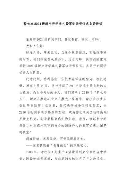【七哥公文】2024年:校长在2024级新生开学典礼暨军训开营仪式上的讲话+更多免费公文+VX:QiGeGongWen2024
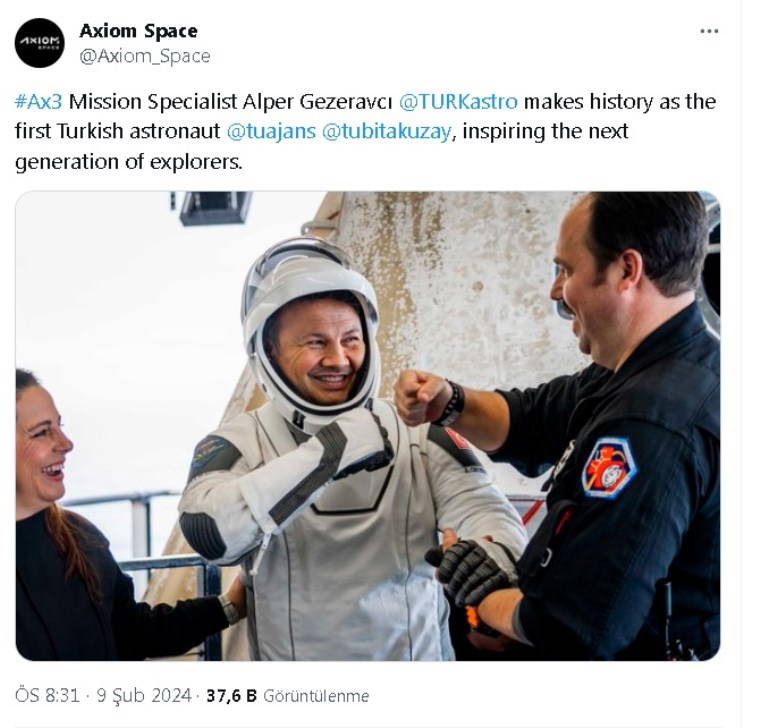 Axiom Space, tarafından sosyal medyada yapılan Alper Gezeravcı paylaşımında ise "Ax3 Görev Uzmanı Alper Gezeravcı, ilk Türk astronotu olarak tarih yazıyor. Türkiye Uzay Ajansı ve TÜBİTAK Uzay, gelecek nesil kaşiflere ilham veriyor" ifadeleri kullanıldı.
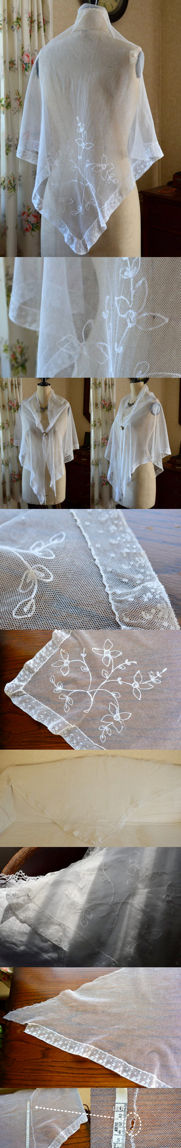 とてもやわらかく繊細なコットンチュールレース。ショールとしてお使いいただいても、ベールとしてお使いいただいても。写真のようなほつれがありますが、うまく工夫してお使いください。 ※軽く漂白、洗濯済みです。
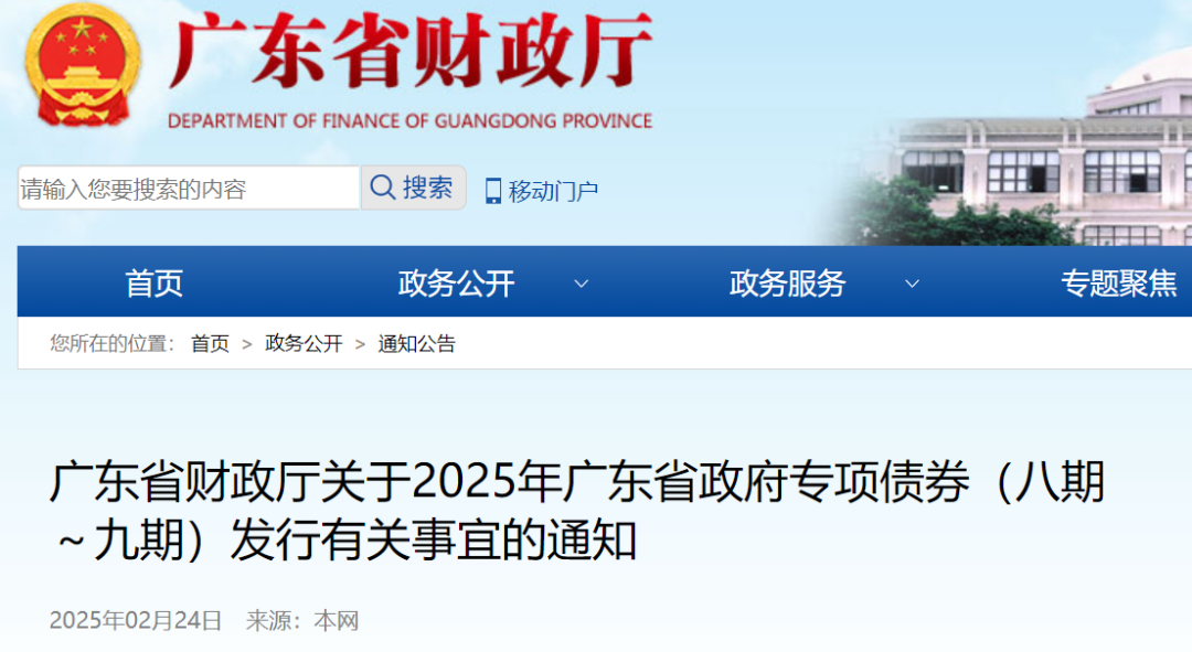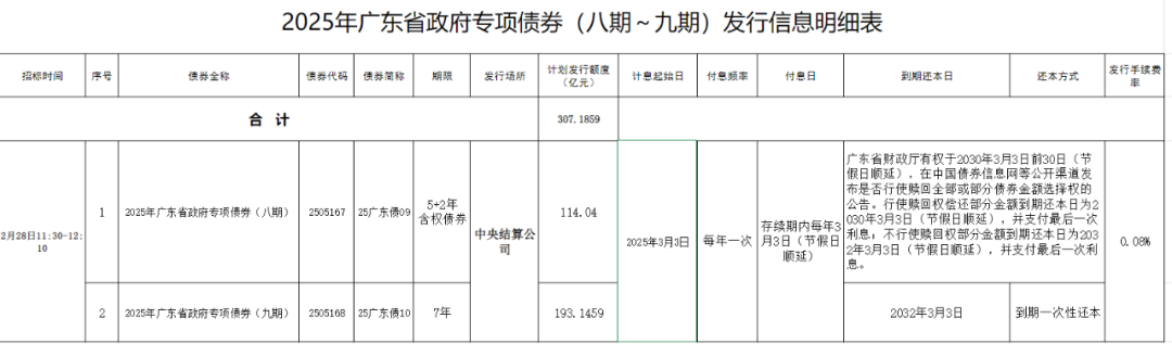 2月24日,广东省财政厅发布了《关于2025年广东省政府专项债券(八期~九期)发行有关事宜的通知》,进一步明确了债券的发行计划和用途。本批债券共2期,合计发行额度为307.1859亿元,其中八期期限为5+2年含权债券,九期期限为7年。
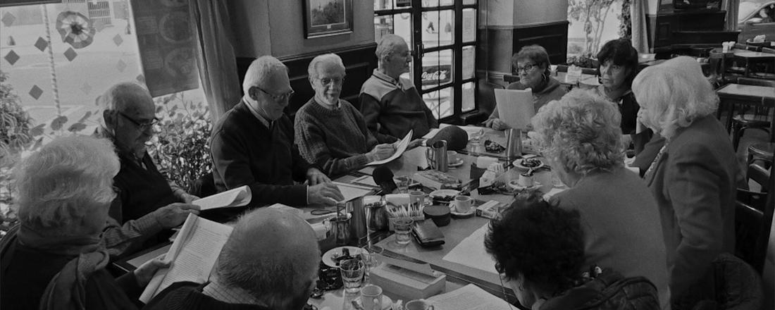 María Álvarez registró varios de sus encuentros entre 2015 y 2019 insertándose en el lugar para observarlos de cerca, y captar sus gestos, el goce al leer, los intercambios de palabras y las miradas entre ellos, o del mozo del bar que los escucha.
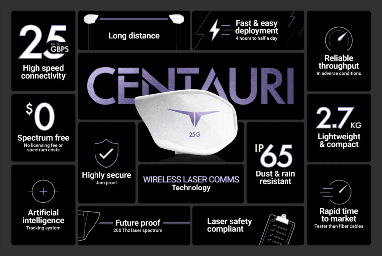 Achieved through lower cost per bit than CENTAURI 10G, zero spectrum costs and faster deployment relative to fiber infrastructure.
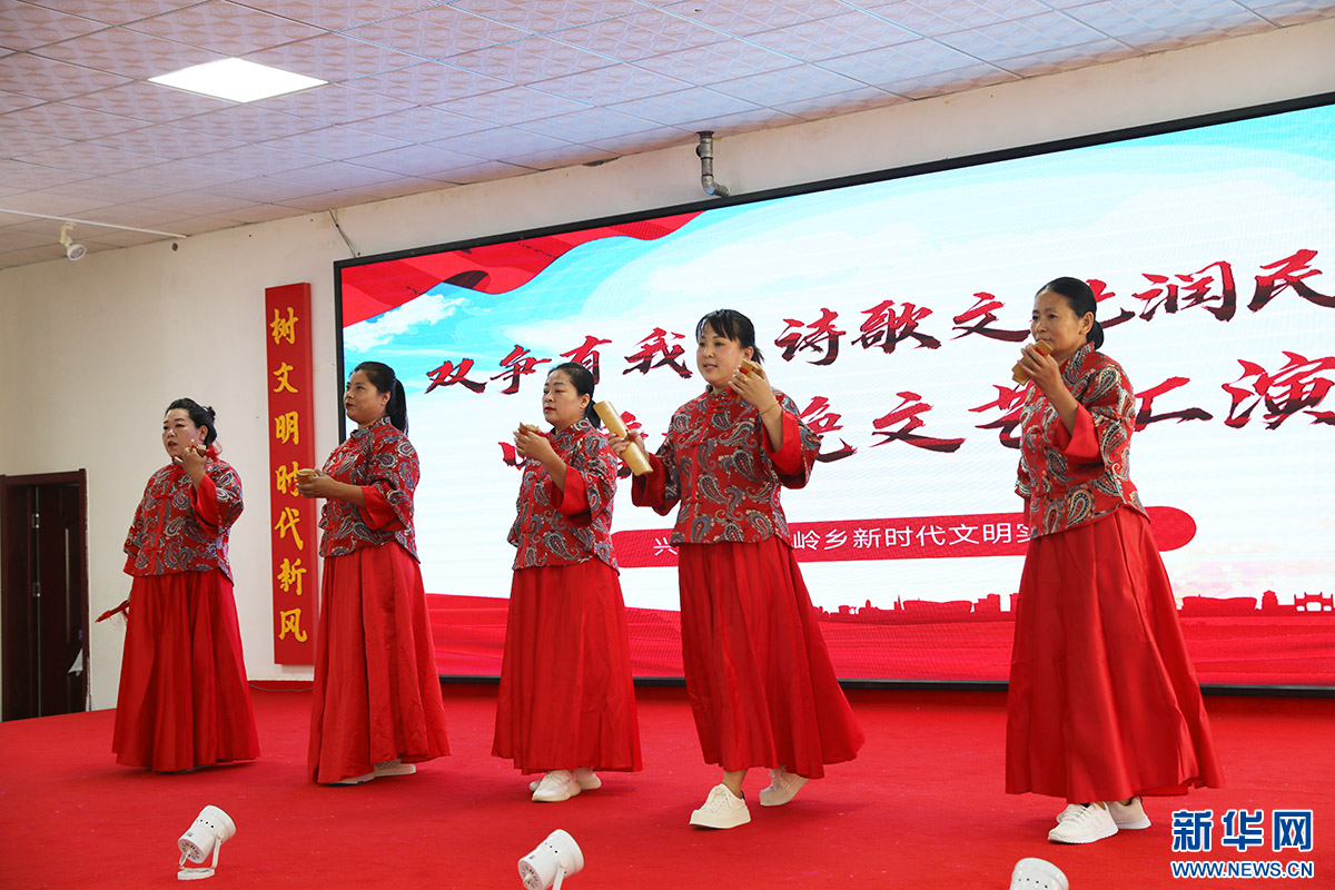 阵阵快板声从诗上庄村新时代文明实践站礼堂传来,原来是村民们在排练节目。快板、舞蹈、歌曲、诗朗诵……每个人都在舞台上尽情展现自己。
- - - -
Exercise requirements :: Write the records above out again exactly, with no pictures in your copy.

Answer to this task ::
【七哥公文】2024年:校长在2024级新生开学典礼暨军训开营仪式上的讲话+更多免费公文+VX:QiGeGongWen2024
 Axiom Space, tarafından sosyal medyada yapılan Alper Gezeravcı paylaşımında ise "Ax3 Görev Uzmanı Alper Gezeravcı, ilk Türk astronotu olarak tarih yazıyor. Türkiye Uzay Ajansı ve TÜBİTAK Uzay, gelecek nesil kaşiflere ilham veriyor" ifadeleri kullanıldı.
 とてもやわらかく繊細なコットンチュールレース。ショールとしてお使いいただいても、ベールとしてお使いいただいても。写真のようなほつれがありますが、うまく工夫してお使いください。 ※軽く漂白、洗濯済みです。
 2月24日,广东省财政厅发布了《关于2025年广东省政府专项债券(八期~九期)发行有关事宜的通知》,进一步明确了债券的发行计划和用途。本批债券共2期,合计发行额度为307.1859亿元,其中八期期限为5+2年含权债券,九期期限为7年。
 María Álvarez registró varios de sus encuentros entre 2015 y 2019 insertándose en el lugar para observarlos de cerca, y captar sus gestos, el goce al leer, los intercambios de palabras y las miradas entre ellos, o del mozo del bar que los escucha.
 Achieved through lower cost per bit than CENTAURI 10G, zero spectrum costs and faster deployment relative to fiber infrastructure.
 阵阵快板声从诗上庄村新时代文明实践站礼堂传来,原来是村民们在排练节目。快板、舞蹈、歌曲、诗朗诵……每个人都在舞台上尽情展现自己。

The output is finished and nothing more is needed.